■ Extracted records:
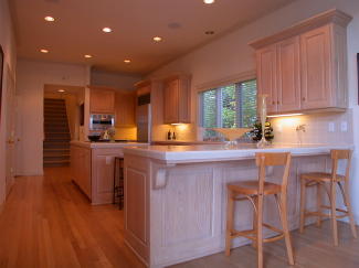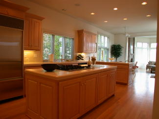 The gourmet kitchen features top of the line cabinets (featured throughout the home), under cabinet lighting, Dynasty six burner gas range, Sub-Zero refrigerator, microwave, Thermador wall oven, dishwasher, trash compactor, appliance closet, lots of counter space and eating counter.
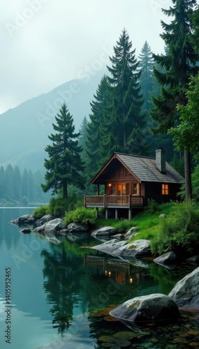 Fototapeta premium Secluded cabin amidst lush greenery at lakefront, forest, cabin
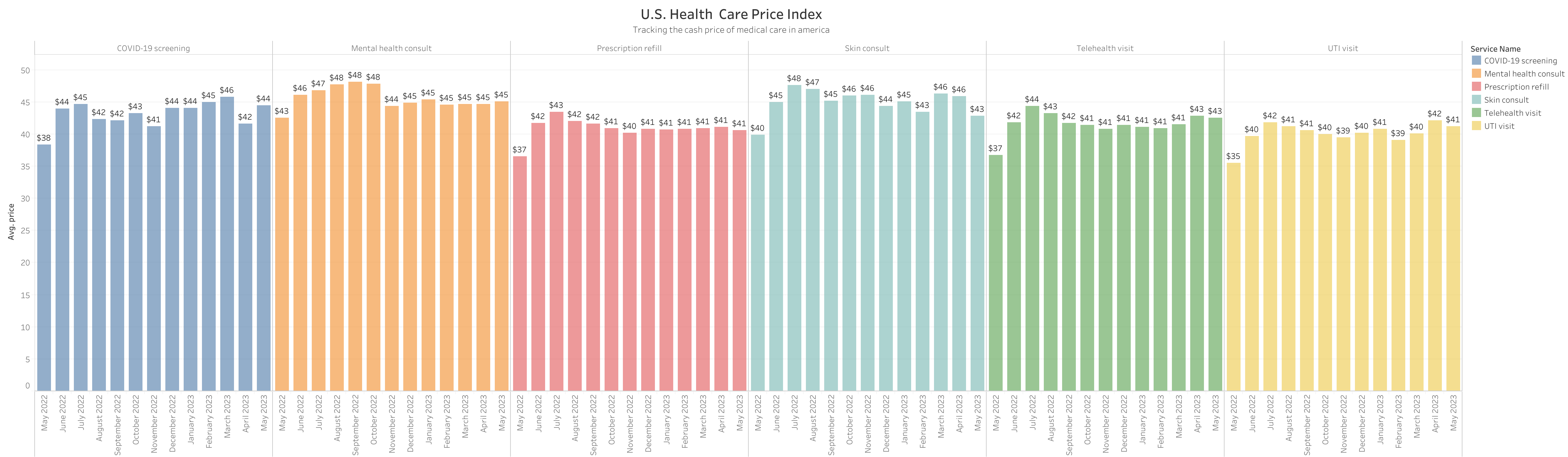 The USHPI, the first national resource to publicly document the price of cash-pay medical care in America, features pricing data for routine medical services in all 50 states – from primary care and mental health to women's health and more. In addition to regional and state comparisons, the USHPI tracks price variance and market trends on a monthly basis. The entire USHPI database of monthly cash prices can be found here: https://sesamecare.com/compare/ushpi
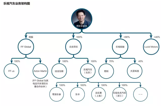《财经》记者通过查询工商资料,初步还原了贾跃亭布局汽车产业链各个公司主体。其中,最醒目的是Faraday Future(法乐第未来,下称“FF”)。这是一家乐视投资10亿美元并绝对控股的电动车初创企业,也是乐视汽车板块的主力部队。
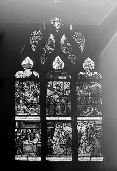 Vie de la Vierge, panneau de vitrail, baie no 5, ensemble
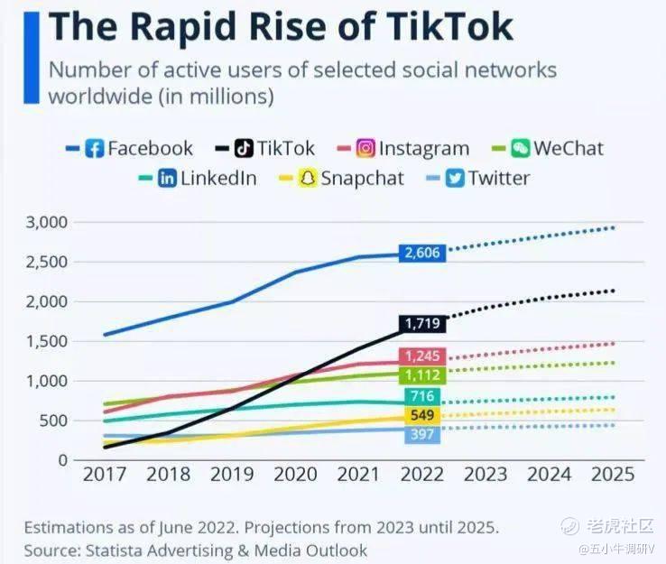 ▲从全球角度看,字节抖音+TikTok用户量仅次Facebook。

■ Task instructions:
Set down word for word the lines above from the one with "Fototapeta premium Secluded" up to and including the one with "Vie de la Vierge, panneau". Omit every picture.

■ Answer box:
 Fototapeta premium Secluded cabin amidst lush greenery at lakefront, forest, cabin
 The USHPI, the first national resource to publicly document the price of cash-pay medical care in America, features pricing data for routine medical services in all 50 states – from primary care and mental health to women's health and more. In addition to regional and state comparisons, the USHPI tracks price variance and market trends on a monthly basis. The entire USHPI database of monthly cash prices can be found here: https://sesamecare.com/compare/ushpi
《财经》记者通过查询工商资料,初步还原了贾跃亭布局汽车产业链各个公司主体。其中,最醒目的是Faraday Future(法乐第未来,下称“FF”)。这是一家乐视投资10亿美元并绝对控股的电动车初创企业,也是乐视汽车板块的主力部队。
 Vie de la Vierge, panneau de vitrail, baie no 5, ensemble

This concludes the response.